Перевод Жуковского из Шиллера не мог быть известен Мандельштаму (впервые полностью он был опубликован лишь в 1988 г.). Но в ДТС Мандельштам, исподволь разрабатывая собственную давнюю тему – трансисторического Геркуланума, спящего города, – похоже, самостоятельно следуя той же логике, что и Жуковский, дополнил свою галерею призрачных городов имплицитным образом сонного царства[241] – и притом не без влияния «Спящей царевны», комбинирующей оба классических источника – Перро и братьев Гримм, но в историко-литературном плане однородной с остальными подтекстами стихотворения[242]. В этом случае наволочки – не простой реликт сна в отброшенном варианте 6-го стиха, но актуальный символ сонного царства, а характеристика «без всякой прошвы» должна намекать на запрет, ранее наложенный в этом царстве на веретёна (и по смежности легко распространяемый поэтическим мышлением на иглы).
В пользу предложенной гипотезы свидетельствует один признак, присущий всем атрибутам поэтов, упоминаемым в стихотворении, кроме подошв Баратынского: каждый из них – на том или ином уровне – является колющим (жалящим, режущим) предметом.

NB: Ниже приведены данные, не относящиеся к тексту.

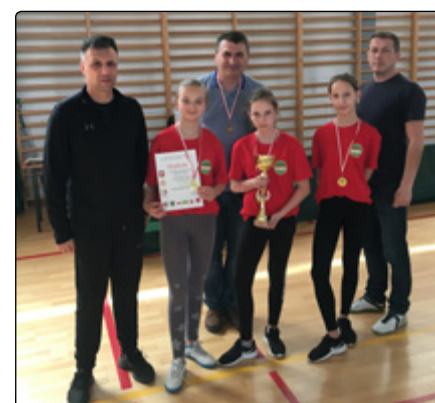
Mistrzyni z Żelaznej i Parciak z opiekunem i organizatorami

Wśród naszych uczniów są wybitni zawodnicy tenisa stołowego. Talent to jednak nie wszystko, ponieważ żeby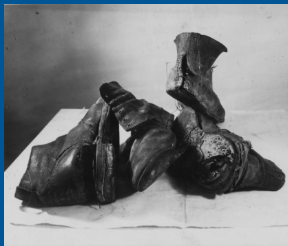
Schuhwerk von Russlandheimkehrern (1949)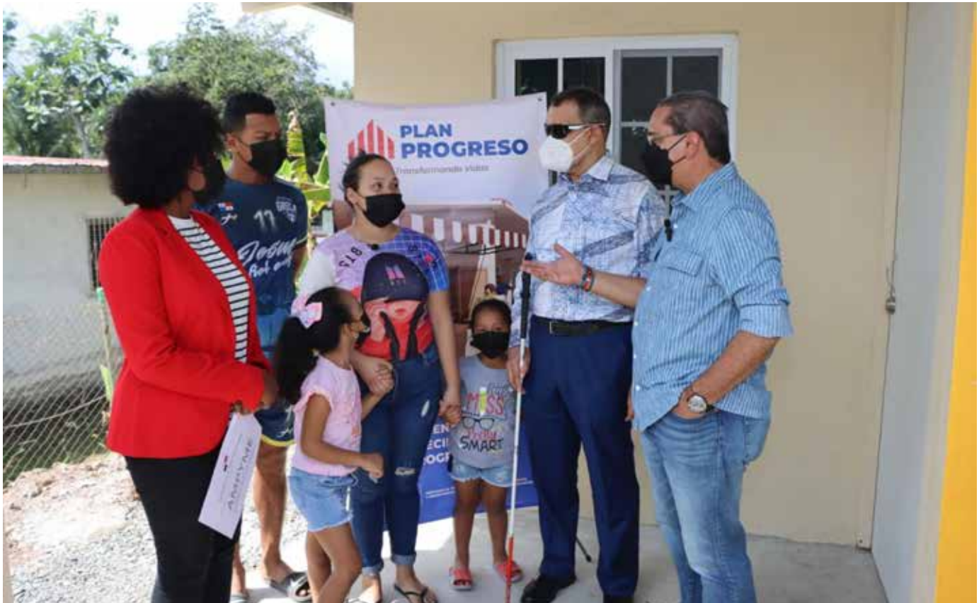
Los beneficiarios dispondrán de una vivienda con dos recámaras, sala-comedor, cocina y baño.

de recibir la vivienda, la familia habitaba de forma agregada en un anexo de la residencia de la madre de Falcón, ubicada en el sector No. 1 en Villa Grecia, en Las Cumbres.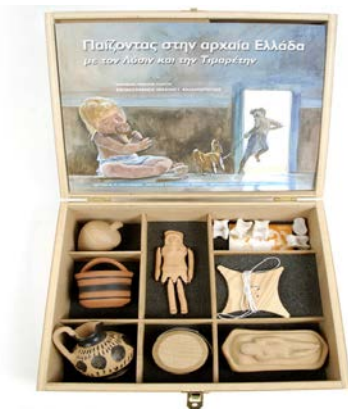
Εικόνα 5 : Παίζοντας στην αρχαία Ελλάδα

Η Μουσειοσκευή «Παίζοντας στη αρχαία Ελλάδα» παρέχει στο μαθητή την ευκαιρία να μάθει τις ρίζες και την προέλευση των παιχνιδιών.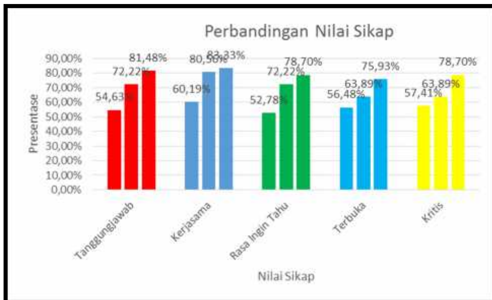
Gambar 1. 2. Grafik Pengamatan Sikap Siswa pada Pra tindakan, Siklus I dan Siklus II

ditunjukkan dengan meihat grafik perbandingan peningkatan sikap siswa pada setiap siklus sebagai berikut: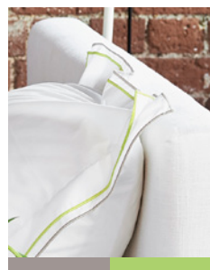
ASTOR GREY & LIME

APPORTEZ UNE TOUCHE DÉCO SUPPLÉMENTAIRE AVEC LES ACCESSOIRES ADD AN EXTRA DECORATIVE TOUCH WITH ACCESSORIES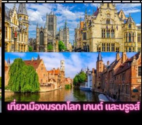
เที่ยวเมืองมรดกโลก เกนต์ และบรูจส์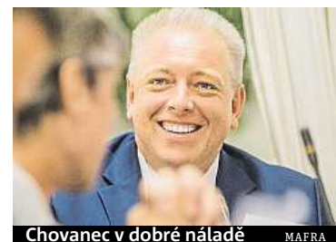
Chovanec v dobré náladě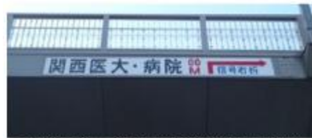
京都市守口線 市駅前横断歩道橋種島歩道橋

【実績】平成17年度から平成25年度までに11橋実施 〔金額換算で約5,000万円の費用を企業等が負担〕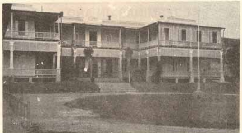
Antigua foto de cómo era el Hospital Episcopal San Lucas de Ponce, Puerto Rico.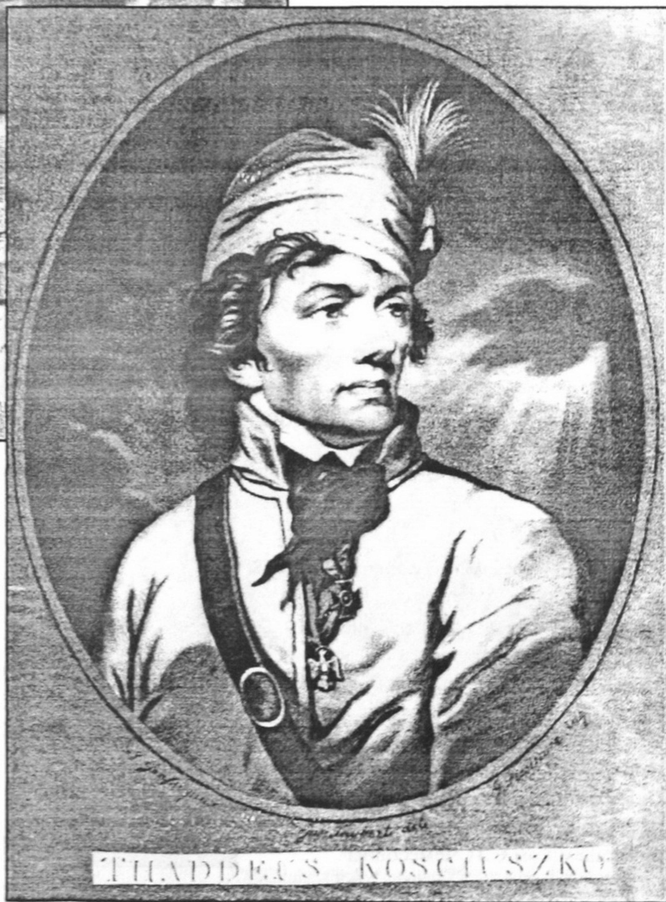
Портрет польського військового діяча Тадеуша Костюшка. 1795 р. Гравюра на міді Франца Габріеля Фісінгера за оригіналом Йозефа Грассі (Fiesinger Franz Gabriel, Joseph Grassi).

Стрекоза – в силу своей этимологии (стрекать – «колоть, жалить»)[243]; роза – благодаря шипам; перстень – из-за обычая вырезать им надписи на оконном стекле (к примеру, Пушкин в 1833 г. вырезал таким способом свое имя, не застав дома Языкова), а также из-за метода расправы с неугодными, практиковавшегося папой Александром VI и его сыном Чезаре Борджиа и знакомого нам по роману Дюма-отца «Граф Монте-Кристо» (ч. 1, гл. 18); как бы в порядке компенсации за вето, наложенное на иглу, (плоские) подошвы Баратынского наделены способностью раздражать (вар. возмущать); Лермонтов, лишенный всякого орудия (предположим, в силу того же сказочного запрета), аналогичным образом сохраняет способность мучить; и наоборот – Фет получает орудие, но это – карандаш, причем одышливый и жирный (то есть, вероятно, притупившийся, вдвойне безопасный), а не острое перо, которым сражаются, как штыком; наконец, за пределами основной редакции остались гвозди, реально принадлежащие к острым орудиям[244].

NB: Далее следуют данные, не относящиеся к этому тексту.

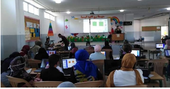
التدريب في مدرسة برج قلاويه الرسمية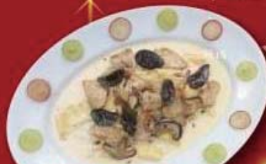
リードザオー・肉厚椎茸 クリームソースパッパルデッレ ¥1,480 税抜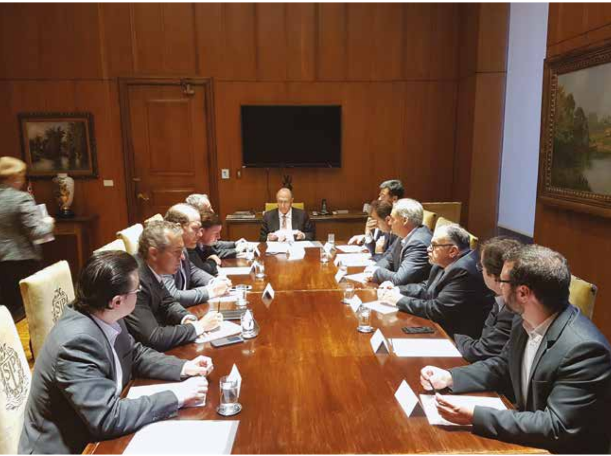
DIRETORIA DA APAS É RECEBIDA PELO ENTÃO GOVERNADOR GERALDO ALCKMIN, NO PALÁCIO DOS BANDEIRANTES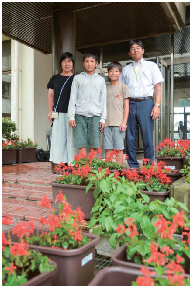
▲高島市立安曇小学校では、リサイクルプランターを使って季節に応じた花を育てています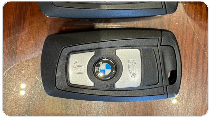
الريموت /المفتاح الاضافي : موجود (لم يتم التجربة)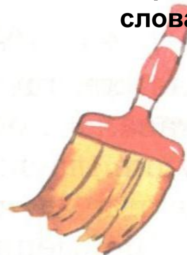
Кисть для покраски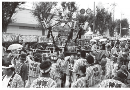
第21回やしお市民まつりの様子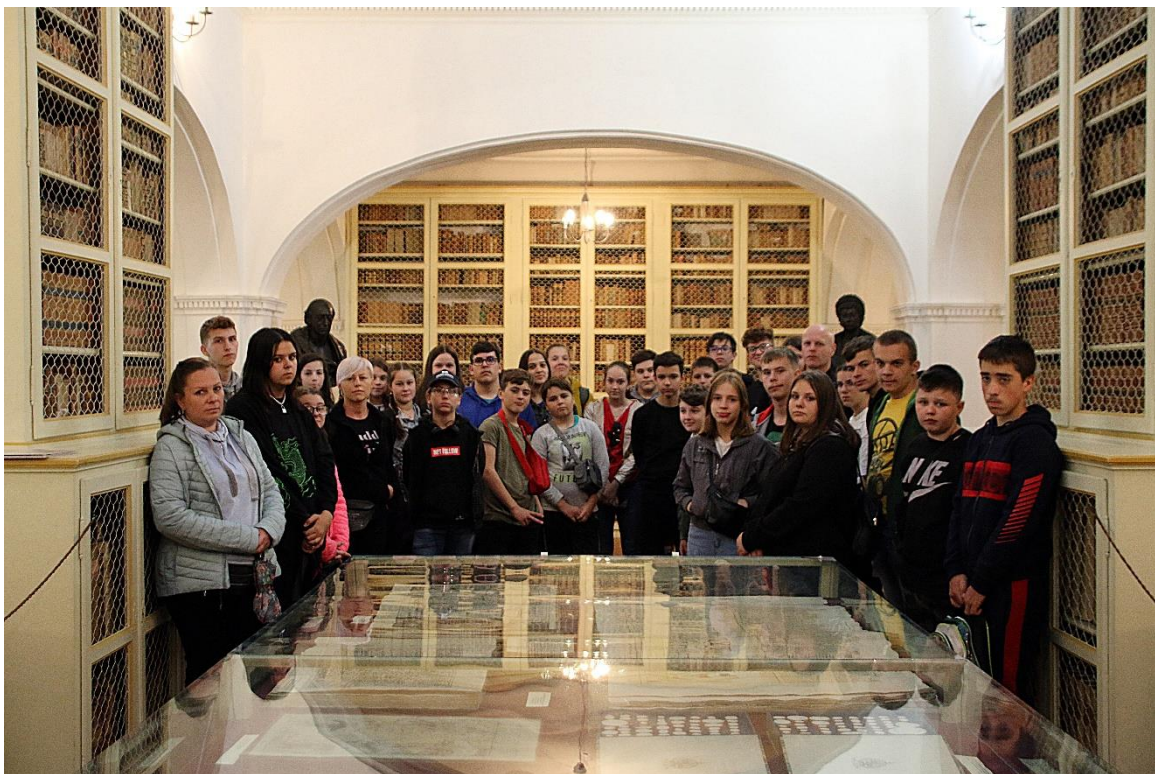
A Teleki Téka megtekintése Marosvásárhelyen

По отношению к стихам 9–10 О. Ронен ограничивается замечанием, что «Лермонтов, которому Мандельштам обязан мучительной темой звездного неба и кремнистого пути, – не представлен синекдохической загадкой» [Ронен 2002: 32]. Определение темы, воспринятой Мандельштамом от Лермонтова, как мучительной – это, конечно, риторический прием, создающий иллюзию объясненности характеристики – мучитель наш[245]. Между тем не только отсутствие синекдохи-подсказки, но и вообще информационная скудость сказанного о Лермонтове ставит под сомнение принципиальную возможность определить наличие литературного подтекста для этих строк, что делает их самыми загадочными во всем стихотворении.

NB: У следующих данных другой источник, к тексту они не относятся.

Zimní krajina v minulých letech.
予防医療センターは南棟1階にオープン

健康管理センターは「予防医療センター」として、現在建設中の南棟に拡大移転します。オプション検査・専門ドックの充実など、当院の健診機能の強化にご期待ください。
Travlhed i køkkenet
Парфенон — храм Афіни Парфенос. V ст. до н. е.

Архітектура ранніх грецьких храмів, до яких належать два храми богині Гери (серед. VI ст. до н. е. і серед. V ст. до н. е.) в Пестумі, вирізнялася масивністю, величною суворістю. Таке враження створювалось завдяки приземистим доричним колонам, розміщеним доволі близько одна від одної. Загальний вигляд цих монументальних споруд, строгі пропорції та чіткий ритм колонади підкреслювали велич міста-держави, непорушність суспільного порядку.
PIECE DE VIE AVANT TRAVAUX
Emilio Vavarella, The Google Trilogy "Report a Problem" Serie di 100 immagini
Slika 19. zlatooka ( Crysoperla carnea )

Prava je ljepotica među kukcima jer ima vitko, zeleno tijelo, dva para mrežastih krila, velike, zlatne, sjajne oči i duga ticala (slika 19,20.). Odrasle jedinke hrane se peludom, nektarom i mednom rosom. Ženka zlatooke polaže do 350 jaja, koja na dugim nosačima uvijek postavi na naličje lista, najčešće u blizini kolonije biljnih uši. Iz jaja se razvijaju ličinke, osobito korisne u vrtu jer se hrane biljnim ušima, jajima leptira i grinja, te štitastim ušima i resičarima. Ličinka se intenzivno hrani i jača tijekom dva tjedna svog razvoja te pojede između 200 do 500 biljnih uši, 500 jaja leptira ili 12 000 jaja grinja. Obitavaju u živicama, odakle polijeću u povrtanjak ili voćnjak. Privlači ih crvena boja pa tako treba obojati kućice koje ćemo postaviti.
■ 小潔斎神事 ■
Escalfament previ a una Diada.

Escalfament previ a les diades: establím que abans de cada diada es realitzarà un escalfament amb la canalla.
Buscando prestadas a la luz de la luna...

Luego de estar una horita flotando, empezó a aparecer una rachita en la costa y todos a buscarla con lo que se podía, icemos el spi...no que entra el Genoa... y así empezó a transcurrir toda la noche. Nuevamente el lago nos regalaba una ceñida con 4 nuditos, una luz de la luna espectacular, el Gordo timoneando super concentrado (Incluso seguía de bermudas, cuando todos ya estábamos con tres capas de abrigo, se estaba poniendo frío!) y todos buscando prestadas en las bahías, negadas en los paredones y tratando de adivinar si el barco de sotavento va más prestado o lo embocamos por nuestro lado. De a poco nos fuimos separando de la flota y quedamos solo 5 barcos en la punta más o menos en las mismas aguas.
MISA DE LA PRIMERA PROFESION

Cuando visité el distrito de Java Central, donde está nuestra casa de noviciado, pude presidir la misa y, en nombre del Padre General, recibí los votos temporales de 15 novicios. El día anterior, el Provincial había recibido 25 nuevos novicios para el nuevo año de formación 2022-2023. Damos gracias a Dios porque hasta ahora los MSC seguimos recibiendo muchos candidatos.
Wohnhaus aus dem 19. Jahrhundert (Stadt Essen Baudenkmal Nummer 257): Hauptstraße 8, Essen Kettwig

Оппозиция недолговечного (стрекоза и роза) и нетленного (перстень) преобразуется в оппозицию верха и низа как во второй строфе (стихи 5–6 – низ: подошвы, прах; 7–8 – верх: облака), так и в третьей (9–10 – верх: над нами, 11–12 – низ: одышка, жирный и даже карандаш как инструмент, находящийся ниже уровня глаз и направленный грифелем вниз). Но если в строфе о Баратынском, при поддержке таких подтекстов как «Недоносок» и «Чудный град…», оппозиция верха и низа снимается, ибо и дольный прах, и горние облака – равно бесплотны (прах – уже бесплотен, облака же никогда не воплотятся, находясь в постоянном пересоздании), то заключительная строфа восстанавливает оппозицию, демонстрируя превосходство Лермонтова, юного мучителя, над Фетом, измученным стариком, чья одышка эпифрастически обозначает тлетворный дух.
По поводу мандельштамовской темы дыхания (которая в строках о Фете проходит самую свою приземленную семантическую фазу) Б. М. Гаспаров замечает, что ее «общие литературные источники <…> вполне очевидны: это дыхание / дуновение ветра как образ вдохновения у романтиков и свежий воздух как символ свободы. Мандельштам, в типично модернистском ключе, придает этому романтическому образному концепту буквально-материальный, физиологический характер» [Гаспаров Б. 2003: 24]. Закономерно поэтому, что все имена в ДТС принадлежат поэтам-романтикам, включая позднего романтика Фета, а все найденные на данный момент подтексты за вычетом фетовского – и несомненные, и предположительные, и основные, и вспомогательные – датируются тем периодом, который принято отождествлять с эпохой русского романтизма[246]:
В контексте спрятанной, но, в свою очередь, ключевой для ДТС темы Геркуланума период, который можно условно обозначить как постдекабристское десятилетие, знаменателен в плане все более нараставших среди русской культурной публики эсхатологических предчувствий. О причинах такого эмоционального настроя пишет М. Вайскопф[247]:
Популярность Юнга-Штиллинга, снизившаяся было в 1820-е годы, <…> заново возросла к середине следующего десятилетия. Огромный успех его «Победной повести» [1799, рус. пер. – 1815. – Е.С.] в России <…> объяснялся тем, что Штиллинг <…> предсказывал здесь битву с Антихристом, которая должна была состояться в 1836 году в Средней Азии, на южных окраинах Российской империи. Драматическое впечатление, произведенное этим пророчеством, в сочетании со страхами, вызванными кометой Галлея, стимулировали хорошо известный и описанный многими исследователями эсхатологический взрыв в русской культуре – включая такие ее явления, как показ потопа в «Медном всаднике», картина Брюллова «Последний день Помпеи», рецензия на нее Гоголя, стихотворение Пушкина «Везувий зев открыл…» и множество других произведений первой половины 1830-х годов [Вайскопф 2003: 306][248].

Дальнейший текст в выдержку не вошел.